Mountain and ski resort in Lazio, Italy

The Monte Livata is a medium-altitude mountain (1429 m a.s.l.) belonging to the Monti Simbruini range, in Lazio, in the Metropolitan City of Rome Capital, within the territory of the municipality of Subiaco, bordering the territories of the municipalities of Camerata Nuova, Cervara di Roma, Jenne, and Vallepietra. It hosts a ski resort, divided into two zones, among the most important in Lazio. The mountain is characterized by the presence of grazing animals, such as many buffaloes, cows, and horses.

== Description ==
Located not far from the border with Abruzzo, just 15 kilometers from Subiaco, the Livata resort extends over some 3,000 hectares in the Monti Simbruini Regional Natural Park, surrounded by the beech forests of the Monti Simbruini. Generally identified with the toponym Monte Livata, or simply Livata, it is divided internally into two districts or zones, all sharing the karstic nature of the terrain, but differing in altitude, vegetation, and level of human development:

- La Bandita, or Livata proper, located in the lower part of the territory at an altitude of approximately 1,350–1,425 m a.s.l., includes the areas of the Anello and the Valletta. Equipped with shops and services of all kinds (restaurants, bars, residences, hotels, sports and recreational equipment rentals, etc.), it offers various sports facilities, including a riding stable, tennis courts, a modern bike park/trial center, and a recently built rail toboggan run. It is also known for being the finish line of the Speata, a famous footrace that starts from Subiaco and reaches the summit of the Livata mountain. It is reachable by bus from Subiaco (Piazza Falcone) (Lazio regional transport service COTRAL), from which it is just 15 km away.
- Campo dell’Osso, located at an intermediate position, at about 1,560 m, includes the area of the Fossa dell’Acero. The area is crossed by the Viale dei boschi, the main road connecting Monte Livata to the ski facilities of Campo dell’Osso. The urban structure consists mainly of private residences, as well as a hiking refuge, a residence, a hotel (temporarily closed), two restaurants, a bar, a pizzeria, a sports equipment rental, and a church. After the boom in summer and winter tourism at Monte Livata in the 1960s, the area offers various sports facilities in need of modernization, including the "I Miceti" soccer field, a tennis court, and several ski facilities no longer in operation. In recent years, efforts have been made to use the Campo dell’Osso slopes with a travelator as a lift. In the 2012–2013 season, a cross-country skiing trail was opened, with a 10 km route immersed in the natural landscape of the Monti Simbruini, extending toward Vallepietra, where, in the summer season, trails lead to the Santuario della Santissima Trinità, a pilgrimage destination especially on the Sunday after Pentecost. The trails continue into Abruzzo, toward Camporotondo-Cappadocia-Tagliacozzo. Campo dell’Osso is also the starting point for snowshoeing to the SAIFAR refuge.

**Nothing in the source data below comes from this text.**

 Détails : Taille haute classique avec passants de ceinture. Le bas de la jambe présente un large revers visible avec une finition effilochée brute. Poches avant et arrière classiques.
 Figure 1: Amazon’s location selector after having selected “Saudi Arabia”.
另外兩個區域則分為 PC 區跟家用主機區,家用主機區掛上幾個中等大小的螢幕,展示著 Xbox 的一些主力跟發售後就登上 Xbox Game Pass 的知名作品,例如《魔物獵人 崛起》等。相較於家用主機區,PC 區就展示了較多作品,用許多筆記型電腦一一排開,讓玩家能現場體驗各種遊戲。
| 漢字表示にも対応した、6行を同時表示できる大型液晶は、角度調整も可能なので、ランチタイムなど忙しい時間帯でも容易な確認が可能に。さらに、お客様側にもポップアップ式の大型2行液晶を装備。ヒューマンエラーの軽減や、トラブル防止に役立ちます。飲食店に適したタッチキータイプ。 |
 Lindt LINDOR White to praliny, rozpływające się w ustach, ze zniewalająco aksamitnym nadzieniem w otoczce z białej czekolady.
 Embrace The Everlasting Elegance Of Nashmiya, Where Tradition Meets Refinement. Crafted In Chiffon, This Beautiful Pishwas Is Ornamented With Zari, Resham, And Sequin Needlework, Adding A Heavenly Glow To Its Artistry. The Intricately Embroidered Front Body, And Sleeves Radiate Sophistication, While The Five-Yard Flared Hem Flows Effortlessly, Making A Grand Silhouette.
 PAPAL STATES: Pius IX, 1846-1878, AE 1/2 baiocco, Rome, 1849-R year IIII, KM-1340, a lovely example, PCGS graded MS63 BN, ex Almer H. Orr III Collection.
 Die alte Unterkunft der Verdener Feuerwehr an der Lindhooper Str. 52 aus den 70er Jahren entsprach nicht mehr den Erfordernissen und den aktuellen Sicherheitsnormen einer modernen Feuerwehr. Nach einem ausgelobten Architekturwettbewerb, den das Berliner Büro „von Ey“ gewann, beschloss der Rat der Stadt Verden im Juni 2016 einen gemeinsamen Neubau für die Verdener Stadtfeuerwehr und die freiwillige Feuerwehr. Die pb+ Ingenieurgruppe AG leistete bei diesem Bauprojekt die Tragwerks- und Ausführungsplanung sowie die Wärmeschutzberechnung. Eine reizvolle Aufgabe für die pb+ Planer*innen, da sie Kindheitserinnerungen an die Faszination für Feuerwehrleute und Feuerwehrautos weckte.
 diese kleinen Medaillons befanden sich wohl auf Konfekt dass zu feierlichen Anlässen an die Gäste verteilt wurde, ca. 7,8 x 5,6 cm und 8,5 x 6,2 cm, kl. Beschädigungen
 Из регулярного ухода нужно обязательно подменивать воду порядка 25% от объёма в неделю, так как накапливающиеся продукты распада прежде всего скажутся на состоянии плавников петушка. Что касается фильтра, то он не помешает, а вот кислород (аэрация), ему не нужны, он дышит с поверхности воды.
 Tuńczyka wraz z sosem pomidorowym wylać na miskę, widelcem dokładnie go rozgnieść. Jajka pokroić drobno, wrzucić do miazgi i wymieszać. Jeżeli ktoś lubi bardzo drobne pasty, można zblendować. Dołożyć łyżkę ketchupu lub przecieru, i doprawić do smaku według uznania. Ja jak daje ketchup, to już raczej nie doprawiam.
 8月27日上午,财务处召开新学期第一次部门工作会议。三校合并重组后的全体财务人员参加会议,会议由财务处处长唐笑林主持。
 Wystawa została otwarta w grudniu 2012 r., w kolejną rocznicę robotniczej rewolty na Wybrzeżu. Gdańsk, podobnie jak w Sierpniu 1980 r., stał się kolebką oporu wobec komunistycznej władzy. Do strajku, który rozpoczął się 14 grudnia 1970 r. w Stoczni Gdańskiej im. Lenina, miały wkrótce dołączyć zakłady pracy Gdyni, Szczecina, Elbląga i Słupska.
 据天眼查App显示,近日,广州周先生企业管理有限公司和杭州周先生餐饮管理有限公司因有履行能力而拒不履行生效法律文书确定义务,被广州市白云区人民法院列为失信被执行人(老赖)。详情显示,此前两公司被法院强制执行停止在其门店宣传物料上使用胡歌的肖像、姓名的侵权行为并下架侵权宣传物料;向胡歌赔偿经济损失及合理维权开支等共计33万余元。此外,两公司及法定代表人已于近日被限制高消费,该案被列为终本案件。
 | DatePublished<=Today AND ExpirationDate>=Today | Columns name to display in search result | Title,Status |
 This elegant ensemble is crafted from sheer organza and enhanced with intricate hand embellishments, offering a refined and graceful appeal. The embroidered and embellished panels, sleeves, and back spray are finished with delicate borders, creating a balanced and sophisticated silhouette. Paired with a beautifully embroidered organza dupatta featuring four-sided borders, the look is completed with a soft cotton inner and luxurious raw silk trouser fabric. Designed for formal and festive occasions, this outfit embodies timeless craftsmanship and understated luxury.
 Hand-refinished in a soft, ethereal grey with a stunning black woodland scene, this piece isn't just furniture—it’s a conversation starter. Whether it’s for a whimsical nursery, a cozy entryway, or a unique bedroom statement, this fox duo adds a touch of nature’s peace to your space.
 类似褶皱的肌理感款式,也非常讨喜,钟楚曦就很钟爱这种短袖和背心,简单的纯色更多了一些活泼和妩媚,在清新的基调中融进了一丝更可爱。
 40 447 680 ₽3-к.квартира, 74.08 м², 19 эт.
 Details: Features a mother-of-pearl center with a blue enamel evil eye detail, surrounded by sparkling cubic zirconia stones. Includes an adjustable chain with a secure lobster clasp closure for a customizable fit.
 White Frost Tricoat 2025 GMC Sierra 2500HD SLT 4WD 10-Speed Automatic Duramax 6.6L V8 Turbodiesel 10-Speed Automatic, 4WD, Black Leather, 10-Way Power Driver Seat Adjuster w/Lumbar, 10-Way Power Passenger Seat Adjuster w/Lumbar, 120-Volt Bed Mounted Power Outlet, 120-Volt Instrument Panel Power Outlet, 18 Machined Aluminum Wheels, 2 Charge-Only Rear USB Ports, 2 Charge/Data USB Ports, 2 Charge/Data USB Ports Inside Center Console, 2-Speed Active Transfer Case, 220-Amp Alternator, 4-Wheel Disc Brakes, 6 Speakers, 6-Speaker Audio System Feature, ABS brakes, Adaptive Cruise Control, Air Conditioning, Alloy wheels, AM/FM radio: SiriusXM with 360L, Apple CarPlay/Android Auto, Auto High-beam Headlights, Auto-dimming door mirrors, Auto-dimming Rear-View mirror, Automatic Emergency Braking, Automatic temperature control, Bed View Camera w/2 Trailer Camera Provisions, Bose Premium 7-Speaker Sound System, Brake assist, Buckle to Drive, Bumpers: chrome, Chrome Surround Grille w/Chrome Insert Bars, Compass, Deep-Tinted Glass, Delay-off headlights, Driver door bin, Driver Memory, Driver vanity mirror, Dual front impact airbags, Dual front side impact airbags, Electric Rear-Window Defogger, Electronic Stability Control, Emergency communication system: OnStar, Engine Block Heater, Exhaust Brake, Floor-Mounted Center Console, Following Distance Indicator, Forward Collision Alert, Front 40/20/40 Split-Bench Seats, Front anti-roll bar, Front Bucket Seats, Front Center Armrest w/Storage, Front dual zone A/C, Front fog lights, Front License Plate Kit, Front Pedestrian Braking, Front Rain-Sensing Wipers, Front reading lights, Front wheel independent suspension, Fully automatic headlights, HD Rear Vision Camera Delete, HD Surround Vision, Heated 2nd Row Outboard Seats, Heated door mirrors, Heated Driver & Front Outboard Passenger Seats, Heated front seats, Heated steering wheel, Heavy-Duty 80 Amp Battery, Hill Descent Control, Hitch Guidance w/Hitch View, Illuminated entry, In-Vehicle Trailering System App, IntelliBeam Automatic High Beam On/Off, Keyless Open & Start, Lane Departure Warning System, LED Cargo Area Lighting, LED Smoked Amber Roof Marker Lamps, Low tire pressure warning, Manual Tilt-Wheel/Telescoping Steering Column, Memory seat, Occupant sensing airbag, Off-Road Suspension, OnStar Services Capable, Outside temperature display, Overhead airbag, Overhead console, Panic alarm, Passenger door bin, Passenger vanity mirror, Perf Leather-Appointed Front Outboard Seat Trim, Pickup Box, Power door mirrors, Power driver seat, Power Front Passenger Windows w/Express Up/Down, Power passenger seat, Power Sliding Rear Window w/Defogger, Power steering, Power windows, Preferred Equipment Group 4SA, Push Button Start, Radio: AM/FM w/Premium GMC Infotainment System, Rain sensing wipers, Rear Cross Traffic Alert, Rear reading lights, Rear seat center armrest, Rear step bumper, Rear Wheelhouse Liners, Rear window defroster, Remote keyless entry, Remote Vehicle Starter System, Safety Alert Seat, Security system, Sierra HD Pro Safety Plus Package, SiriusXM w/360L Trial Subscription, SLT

The municipality of Subiaco, on 26 June 1965, developed a "General Plan for the Development and Enhancement of the Municipal Mountain from Livata to Campo dell’Osso," obtaining authorization from the Ministry of Agriculture and Forests for the alienation and change of use of the civic domain lands (MAF decrees of 19 October 1959 and 21 October 1968). The General Development and Enhancement Plan was approved and regulated by the municipality of Subiaco with technical regulations outlined in resolution no. 55 of 30 June 1965 (see also: resolution no. 17 of 18 April 1966, concerning the extension and subdivision of Monte Livata-Campo dell’Osso; resolution of 29 April 1967, resolution of 15 May 1967 concerning the land use plan for the Monte Livata-Campo dell’Osso areas). The extent of this subdivision thus marks the boundary between the portion of parcel 15/p located within the “Livata-Campo dell’Osso” resort (1,429–1,560 m a.s.l.) and the portion of the same parcel corresponding to the different Monna dell’Orso area, located outside the resort’s boundaries, at a higher altitude (1,618–1,758 m a.s.l.).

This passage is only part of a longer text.